##### RECORDS FOR THIS TASK

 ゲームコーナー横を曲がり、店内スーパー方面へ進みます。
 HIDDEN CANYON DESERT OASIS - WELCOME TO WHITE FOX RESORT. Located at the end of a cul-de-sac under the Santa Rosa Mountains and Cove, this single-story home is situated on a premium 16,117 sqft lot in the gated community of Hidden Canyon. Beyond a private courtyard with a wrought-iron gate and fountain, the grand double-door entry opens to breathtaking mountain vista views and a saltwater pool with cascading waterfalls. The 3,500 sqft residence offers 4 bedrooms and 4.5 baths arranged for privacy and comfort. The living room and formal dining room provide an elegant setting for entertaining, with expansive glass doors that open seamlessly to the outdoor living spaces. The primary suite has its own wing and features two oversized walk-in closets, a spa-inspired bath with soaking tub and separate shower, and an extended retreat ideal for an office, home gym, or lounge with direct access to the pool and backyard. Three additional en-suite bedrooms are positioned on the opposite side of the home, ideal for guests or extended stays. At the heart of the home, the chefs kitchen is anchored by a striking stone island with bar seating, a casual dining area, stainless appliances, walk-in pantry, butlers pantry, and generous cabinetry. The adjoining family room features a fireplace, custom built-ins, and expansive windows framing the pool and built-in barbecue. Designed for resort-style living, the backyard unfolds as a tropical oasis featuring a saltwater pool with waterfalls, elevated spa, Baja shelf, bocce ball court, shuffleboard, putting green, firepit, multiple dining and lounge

##########
##### RECORDS FOR THIS TASK

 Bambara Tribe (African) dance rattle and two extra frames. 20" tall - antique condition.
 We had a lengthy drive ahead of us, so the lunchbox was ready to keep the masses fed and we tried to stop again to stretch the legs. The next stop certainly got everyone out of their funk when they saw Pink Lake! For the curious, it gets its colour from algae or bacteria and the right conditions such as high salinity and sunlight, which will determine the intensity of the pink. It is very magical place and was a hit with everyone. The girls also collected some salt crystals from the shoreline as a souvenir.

##########

Starting with the line with "Bambara Tribe (African)" above and going on through the line with "We had a lengthy", transcribe every line exactly, both ends included, and add nothing.

COMPLETED TASK:
 Bambara Tribe (African) dance rattle and two extra frames. 20" tall - antique condition.
 We had a lengthy drive ahead of us, so the lunchbox was ready to keep the masses fed and we tried to stop again to stretch the legs. The next stop certainly got everyone out of their funk when they saw Pink Lake! For the curious, it gets its colour from algae or bacteria and the right conditions such as high salinity and sunlight, which will determine the intensity of the pink. It is very magical place and was a hit with everyone. The girls also collected some salt crystals from the shoreline as a souvenir.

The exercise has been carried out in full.